Myasia popped into PEAK’s offices at Holy Trinity after school last week to chat with me.
“I’ve been through a lot. When you experience something that messes with you emotionally, you tend to act a little irrational or reckless at times,” she said of her rocky high school start.
“Being on the autism spectrum of course means I’m socially delayed. I was picked on in grade school to the point where I felt like I just didn’t belong. Besides moving from place to place growing up, I was going through a lot of stuff where I was really insecure.
“Coming here, I was still a bit of a wreck. Still desperately trying to be accepted, I was completely negligent of my academic work and had to do summer credit recovery.”
But her first mentor, who left the program due to a new job, “taught me to never give up, that everyone makes mistakes, and that’s what makes us stronger,” Myasia said.
She got paired with Mansukhani second semester sophomore year — before the lockdown.
“We clicked like a seatbelt and buckle,” she said of 25-year-old Mansukhani.
Mansukhani noted PEAK and other nonprofits serving at-risk youth had to pivot to reach them with virtual programming.
“Myasia and I met up a lot before COVID. Once the pandemic hit, we had to find alternative ways to connect,” Mansukhani said.
“We meet virtually, text a lot and now are exploring PlayStation. Seeing her progression the last year and a half has been amazing. She really stepped up in getting her fellow students to share their thoughts about George Floyd and all the things going on in their world.

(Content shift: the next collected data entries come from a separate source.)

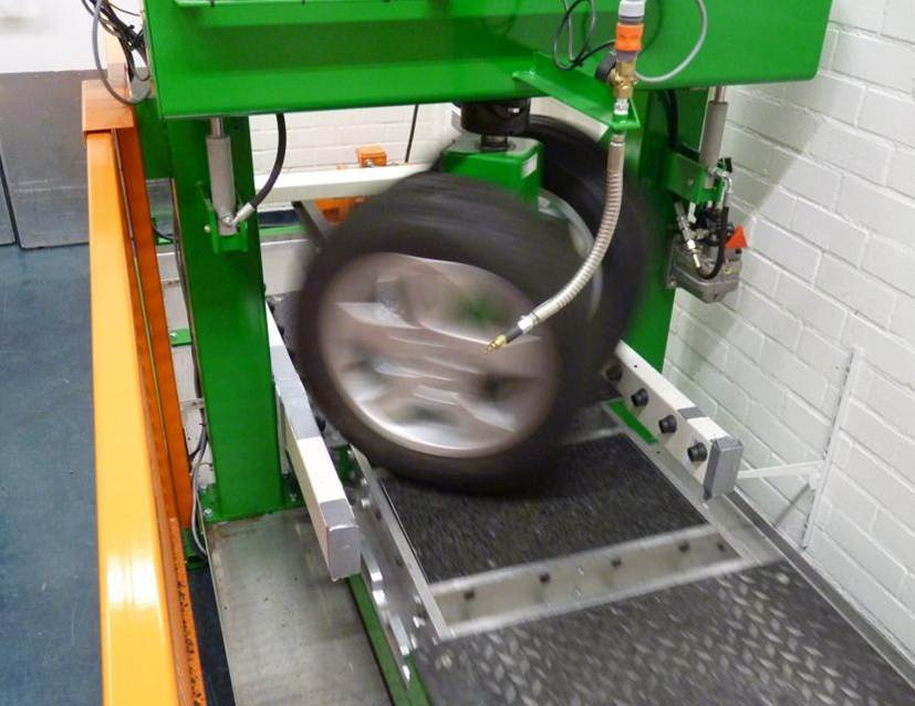 Aachener Rafeling Tester in the BAM Roads laboratory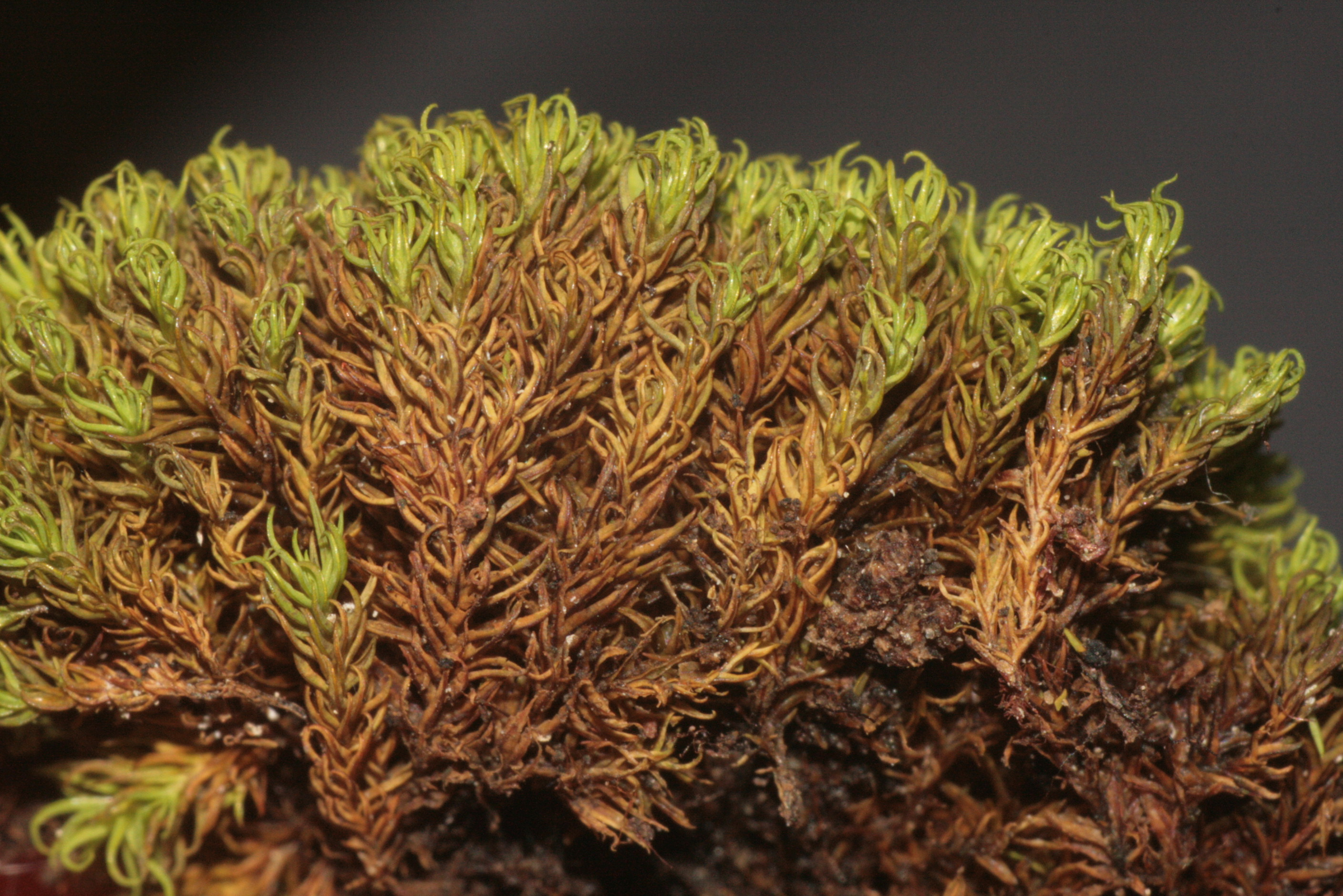 Trichostomum crispulum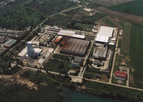 Alsózsolca, Hungary, aerialphotography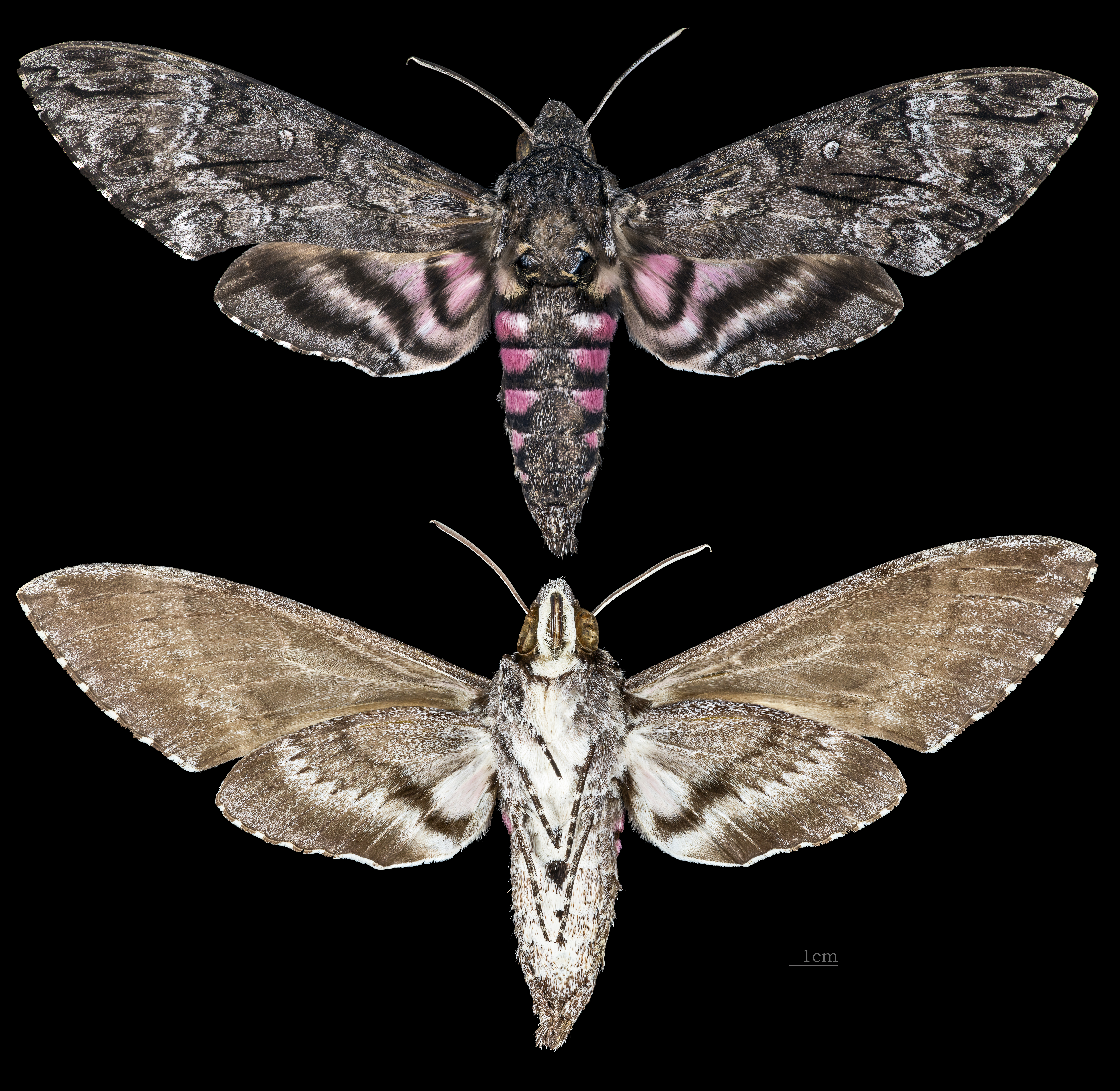 Pink-spotted Hawkmoth - Two views of same specimen Collection of the Mathematician Laurent Schwartz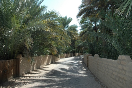 One of the alleys in the largest Oasis in Al Ain City (Al Ain Oasis)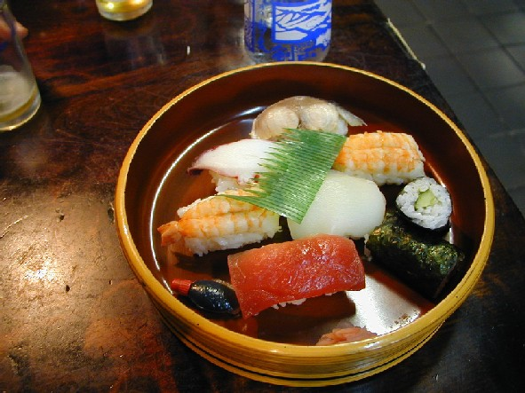 Sushi; picture taken at Kotohira (Japan)

“Differentiated socioeconomic backgrounds aside, these are students who are struggling in school. I’ve been there,” Mansukhani said. “That’s what stood out for me most with PEAK.”
Myasia’s biggest challenges with remote learning?
“Internet issues. And sometimes having to ask a teacher for help videos in order to understand a subject. And virtual exams,” she said.
How, then, was she able to improve her grades?
“Honestly, I have to say I was afraid of losing my PEAK scholarship, because I love it here. But also, because of COVID and being at home, I didn’t have as many distractions,” she said.
“I focused in on schoolwork. I’ve basically been on my toes since the start of junior year.”
As the May 25 anniversary of Floyd’s death nears, Myasia’s and the voices of fellow PEAK Scholars speak poignantly to a city and nation potentially bracing for renewed protests.
“These are current photos of stores in my neighborhood that are trying to recover. I think that each store should be able to have a good business,” Maishawn Washington, of Austin, wrote. “How are they supposed to run it well if people break in and burn them down?”
Yareli Santoyo, of Cicero, wrote: “We don’t need a tragic event to happen to create change. We already know racism exists. We can make an effort to make change little by little every day to create a progressive transformation.”
It’s the change that many corporations and institutions promised, in the national reckoning with racism following Floyd’s death. And nonprofits like PEAK invited them to walk the walk.
“All year long, we’ve approached corporations about underwriting scholarships as a way to move the needle immediately on educational equity, paramount to racial equity,” Rush said.
Knowles Corp., which stepped up to sponsor a student, said education is a logical starting point.
“Over the last year, we thought deep and hard about how we could address inequities,” said its senior director of human resources, Smita Sah. “In PEAK, we found a great partner for following up on our commitment to address inequities in education.”
“If we could get 10 more corporations to step up, we could take a huge freshman class,” said Rush, as she stamped postcards for “Coffee With PEAK,” an April 22 virtual fundraiser.
But this is really about Myasia, your average teen, navigating COVID, racial unrest and remote learning. And she offers these words to peers, a poem she wrote this school year:
“Step on stage, the crowd is waiting for you ... The big judge is there waiting to give you the thumbs down or thumbs up ... Some in the crowd may dislike your talent. But it wouldn’t matter as long as you like it ... Give it your best effort and if you slip up, keep on going. Until the curtains come down, just keep on performing.”